使用 gtfstools 读取 UTF-8 文件的问题
Problem for reading UTF-8 file with gtfstools
我正在尝试打开一个采用 UTF-8 编码的 GTFS 文件,但即使我将项目在 R 中的编码更改为 UTF-8,字符仍然被截断。该问题可以在“stop_name”列中看到。我正在使用 windows 10,我知道 R 存在一些编码问题,但我不知道它是什么。
可重现的例子:
install.packages('gtfstools')
library(gtfstools)
# GTFS file directory
data_path <- system.file("extdata", package = "gtfstools")
spo_path <- file.path(data_path, "spo_gtfs.zip")
# read the file
spo_gtfs <- read_gtfs(spo_path)
# Show the stops (problem with encoding)
head(spo_gtfs$stops)
输出:
Session 信息:
> sessionInfo()
R version 4.1.2 (2021-11-01)
Platform: x86_64-w64-mingw32/x64 (64-bit)
Running under: Windows 10 x64 (build 18363)
Matrix products: default
locale:
[1] LC_COLLATE=Portuguese_Brazil.1252 LC_CTYPE=Portuguese_Brazil.1252 LC_MONETARY=Portuguese_Brazil.1252
[4] LC_NUMERIC=C LC_TIME=Portuguese_Brazil.1252
attached base packages:
[1] stats graphics grDevices utils datasets methods base
loaded via a namespace (and not attached):
[1] compiler_4.1.2 tools_4.1.2
您只需要在 read_gtfs()
上使用 encoding
参数:
library(gtfstools)
# GTFS file directory
data_path <- system.file("extdata", package = "gtfstools")

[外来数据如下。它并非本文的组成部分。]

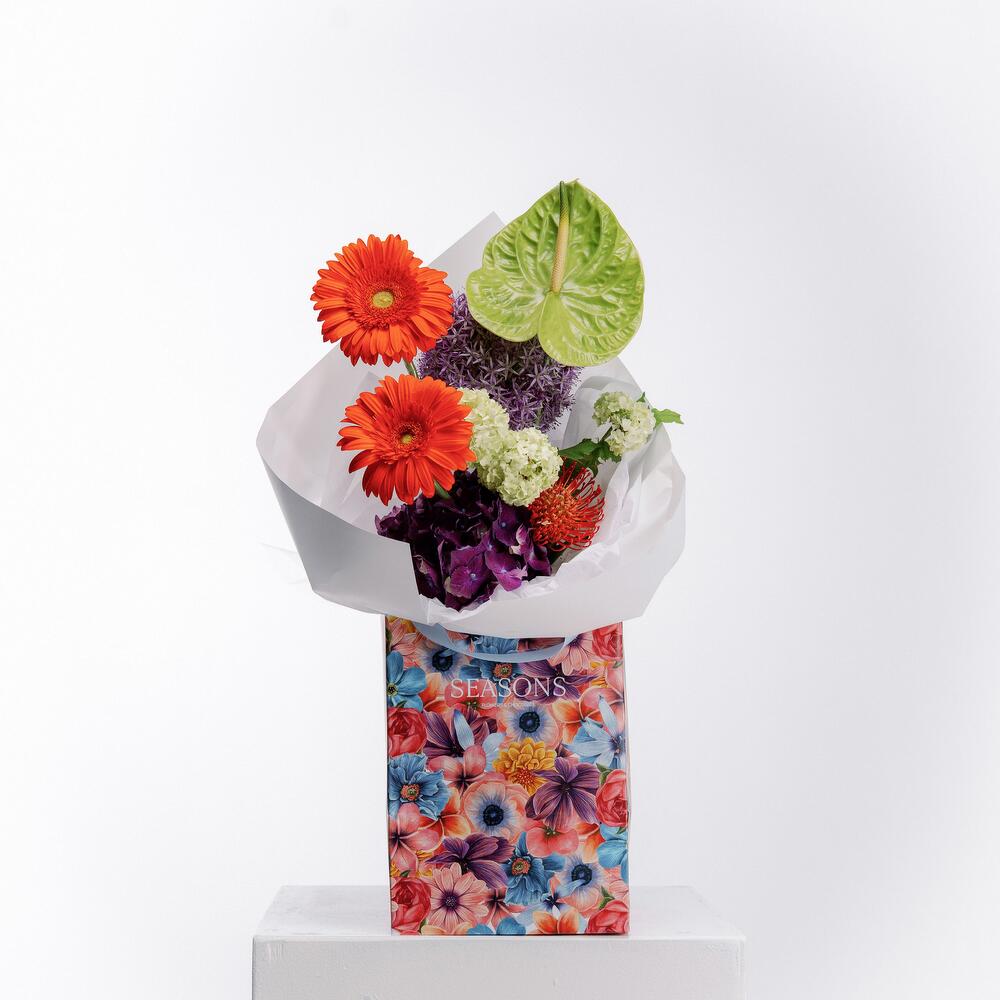 Антуриум - 1 дана Вибурнум - 1 дана Гербера - 2 дана Нутан - 1 дана Аллиум - 1 дана гортензия голландия - 1 дана
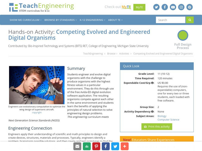 Teach Engineering: Competing Evolved & Engineered Digital Organisms
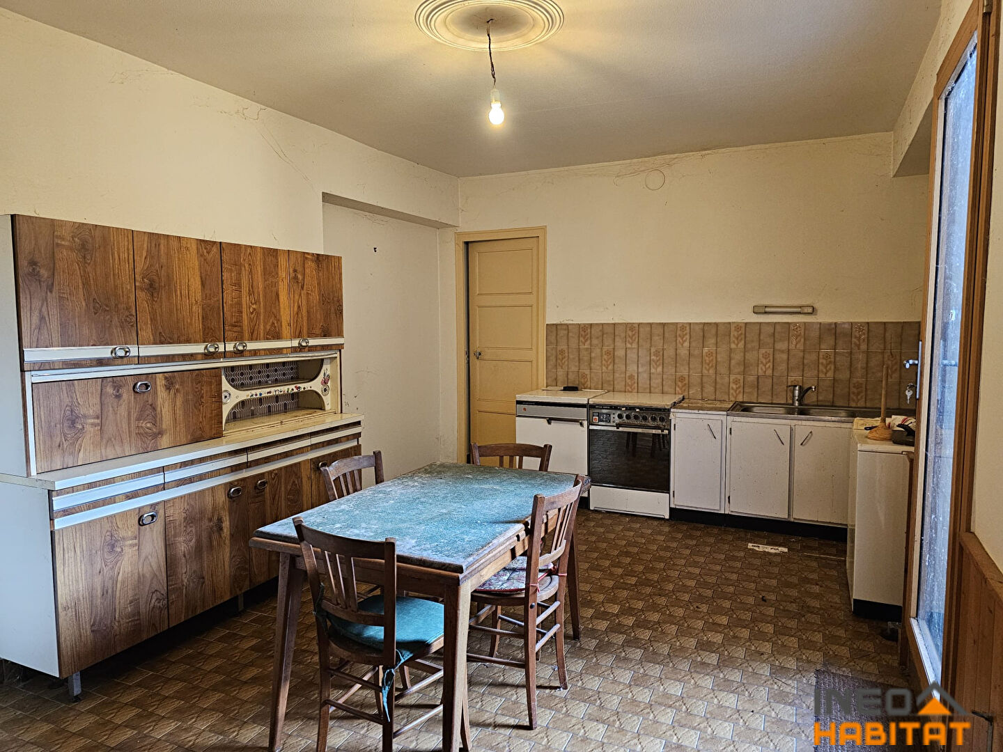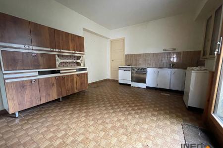Ineo habitat vous propose une maison de ville en pierres couverte d'ardoises naturelles d'environ 90m² à rénover comprenant au rez-de-chaussée : Une entrée , pièce de vie, une cuisine, WC.
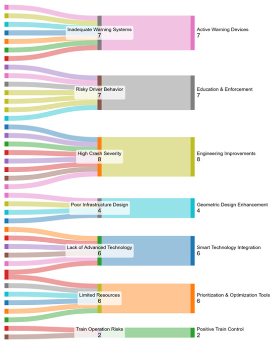 Figure 3 synthesizes 40 studies on HRGC safety using a Sankey diagram that illustrates the connections between research sources, identified risk factors, and proposed mitigation strategies. Among seven main risk categories, high crash severity (8 studies) and inadequate warning systems (7 studies) received the most research attention, collectively representing 37.5% of the reviewed literature.
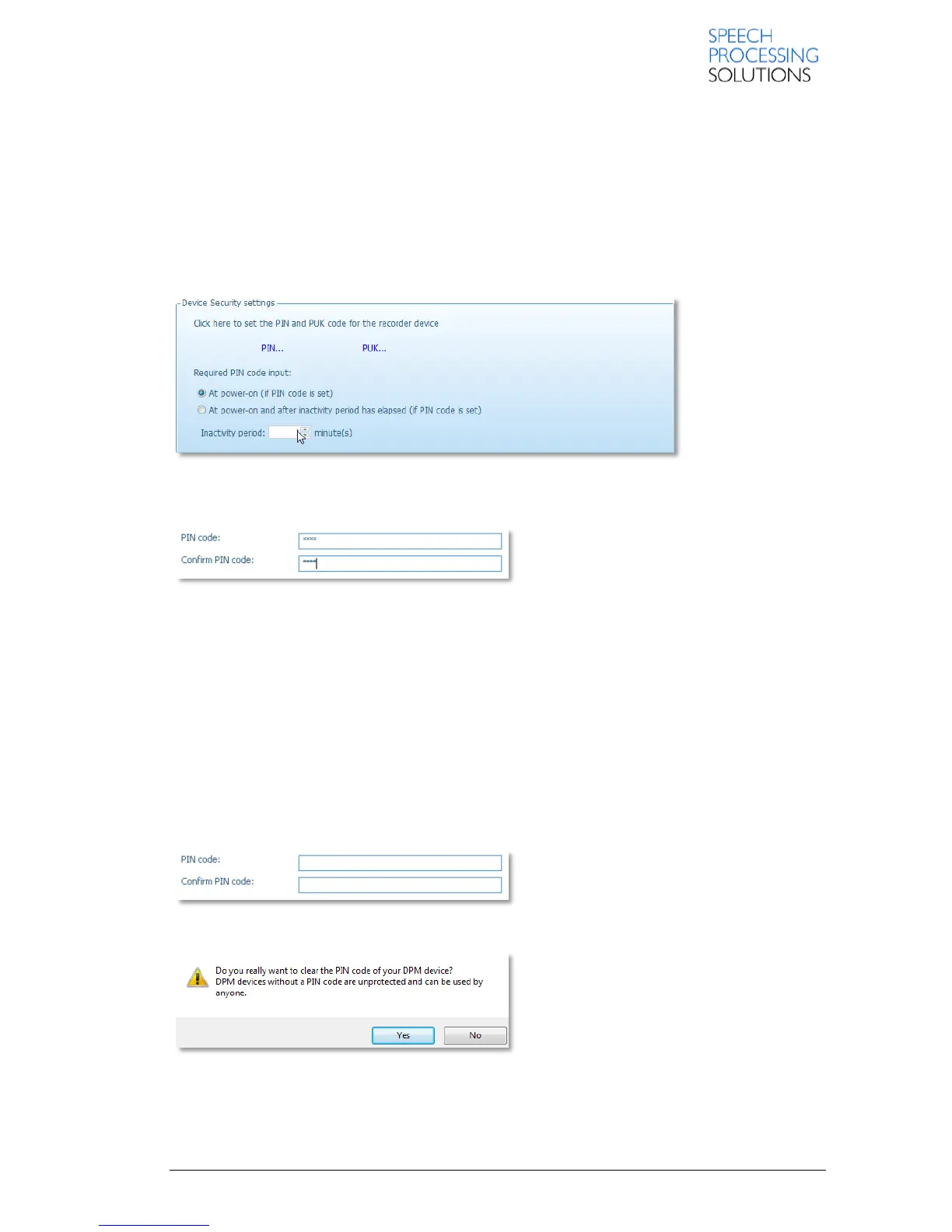 By setting the PIN and PUK codes, you can protect the recorder itself by prohibiting others from
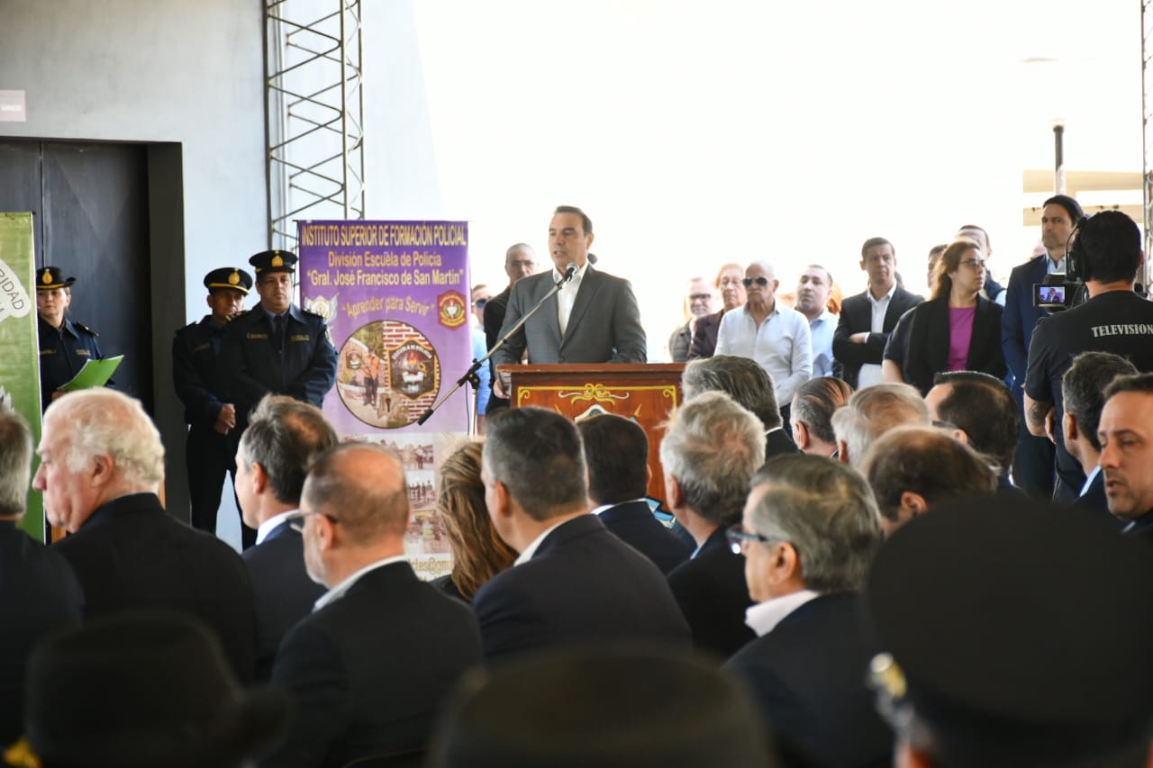 Al continuar con sus conceptos, el Gobernador dejó en claro que los desafíos para la fuerza policial son cada vez más complejos. “Hace tan solo dos años no teníamos inteligencia artificial. El delito ha evolucionado notoriamente y también debemos hacer las adaptaciones legislativas fundamentales para los tiempos que corren”, aseveró.

spo_path <- file.path(data_path, "spo_gtfs.zip")
# read the file
spo_gtfs <- read_gtfs(spo_path, encoding = "UTF-8")
# Show the stops (problem with encoding)
head(spo_gtfs$stops)
#> stop_id stop_name stop_desc stop_lat stop_lon
#> 1: 18848 Clínicas -23.55402 -46.67111
#> 2: 18849 Vila Madalena -23.54650 -46.69114
#> 3: 18850 Consolação -23.55809 -46.66020
#> 4: 18851 Conceição -23.63504 -46.64124
#> 5: 18852 Jabaquara -23.64600 -46.64103
#> 6: 18853 São Judas -23.62588 -46.64094
我正在尝试打开一个采用 UTF-8 编码的 GTFS 文件,但即使我将项目在 R 中的编码更改为 UTF-8,字符仍然被截断。该问题可以在“stop_name”列中看到。我正在使用 windows 10,我知道 R 存在一些编码问题,但我不知道它是什么。
可重现的例子:
install.packages('gtfstools')
library(gtfstools)
# GTFS file directory
data_path <- system.file("extdata", package = "gtfstools")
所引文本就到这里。